His face crumpled. ‘All Four? It will be hard. It would be hard even if I had a full dose! Coultrie. I might be able to sway Coultrie, but …’

‘Be quiet!’ She had unstoppered the tube, but when she tipped it, the coagulated mess in the bottom didn’t shift. She pushed the stopper back in and shook the tube. The clog in the bottom didn’t move. ‘We are damned!’ she said. She opened the tube and thrust her finger in. It was too short to reach the clot in the bottom. She could not touch the residue. She shoved it at Vindeliar. ‘Spit in it! Then mix it and drink it.’

I watched as he drooled saliva down the tube and then tipped the tube to try to mix it. I felt my gorge rise and looked away. ‘It’s not working!’ he wailed.

‘Break the tube!’ she ordered him.

He tried. He tapped it on the floor. Nothing happened. He tried again, harder and harder until suddenly it shattered. The serpent slime was a dried-up wad. Vindeliar picked it up and heedless of the glass splinters that clung to it, put it in his mouth. Dwalia waited, staring at him.

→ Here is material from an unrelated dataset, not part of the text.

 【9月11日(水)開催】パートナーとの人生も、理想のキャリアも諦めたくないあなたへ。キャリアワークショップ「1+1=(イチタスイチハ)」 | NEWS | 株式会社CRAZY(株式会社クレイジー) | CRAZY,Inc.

He breathed out hard through his nose. When he spoke, blood flecked his lips. ‘Nothing,’ he wailed. ‘Nothing at all.’

The blow Dwalia dealt him snapped his head on his neck and he fell to the floor. He sprawled there, his breath faltering in and out. She walked away from him and sat down in one of the chairs. She did not utter a word.

Eventually, Vindeliar got to his knees and crawled to a chair not far from mine. He pulled himself up and sat in it like a pile of soiled laundry. No one spoke.

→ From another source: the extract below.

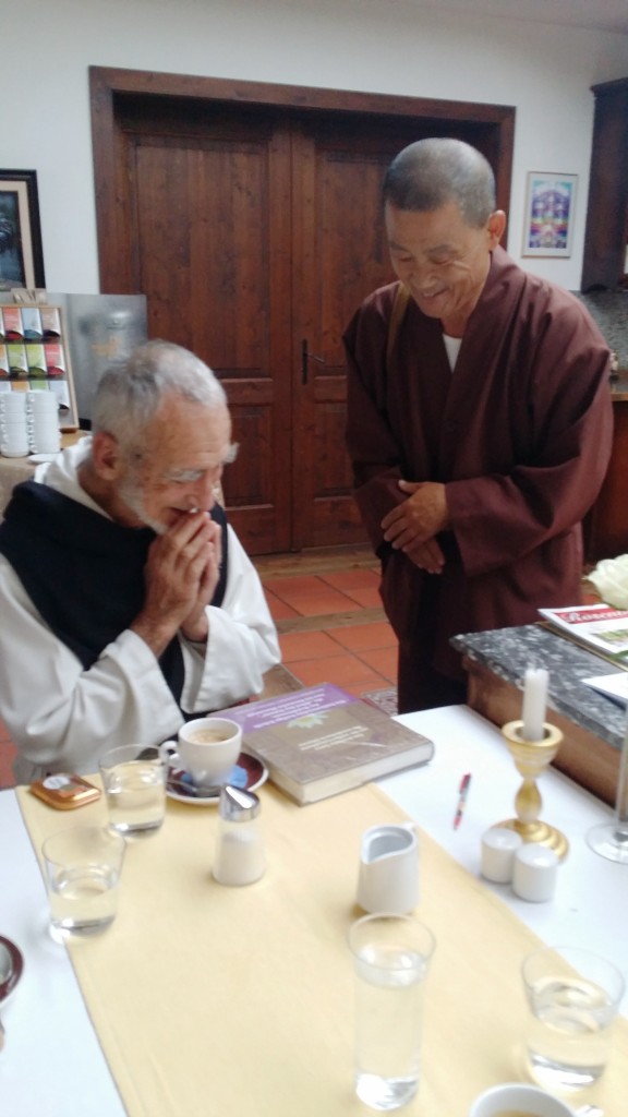 Der Benediktiner David Steindl-Rast ist für viele eine der großen spirituellen Gestalten der christlichen Welt der Gegenwart. Am 12. Juli 2016, wurde er 90 Jahre alt Ein interreligiöser Brückenbauer ist Steindl-Rast spätestens seit 1965, als er von seinem damaligen Abt beauftragt wurde, sich dem Dialog zwischen Christentum und Buddhismus zu widmen.Sunim überreichte ihm voller Freude das Lotus Sutra. Nachdem Heidi ihm vom Stupa erzählte hat er Sunim gefragt wie kann er helfen. Eine berührende Begegnung voll Wertschätzung und liebevoller Zuwendung.

We waited. No one brought the refreshments Dwalia had demanded.

We waited. And waited.

The late afternoon sun struck our obscured windows, making a rectangle of soupy light on the featureless floor. The door opened. Deneis, the same woman who had admitted us, appeared. ‘You will be seen in the Judgment Chamber. Now.’

‘The Judgment Chamber? That is not what I told you I wanted!’

Deneis turned and walked away without waiting for us to follow. Dwalia motioned me sharply to her side and seized my shoulder in a hard grip. ‘Say nothing,’ she reminded me. She pushed me along in front of her. The pace she set did not allow me to glance back. We followed Deneis back to the entry chamber and then down a different corridor. This one was broader and more elegant and we walked a much longer distance, my bladder aching at every step.

At the very end of the corridor stood two doors with four shining symbols embedded in them. Even in the muted light of the hall, the symbols gleamed. Perhaps they meant something, but to me they were just shapes in blue, green, yellow and red. Deneis pushed a brass handle and the doors swung wide.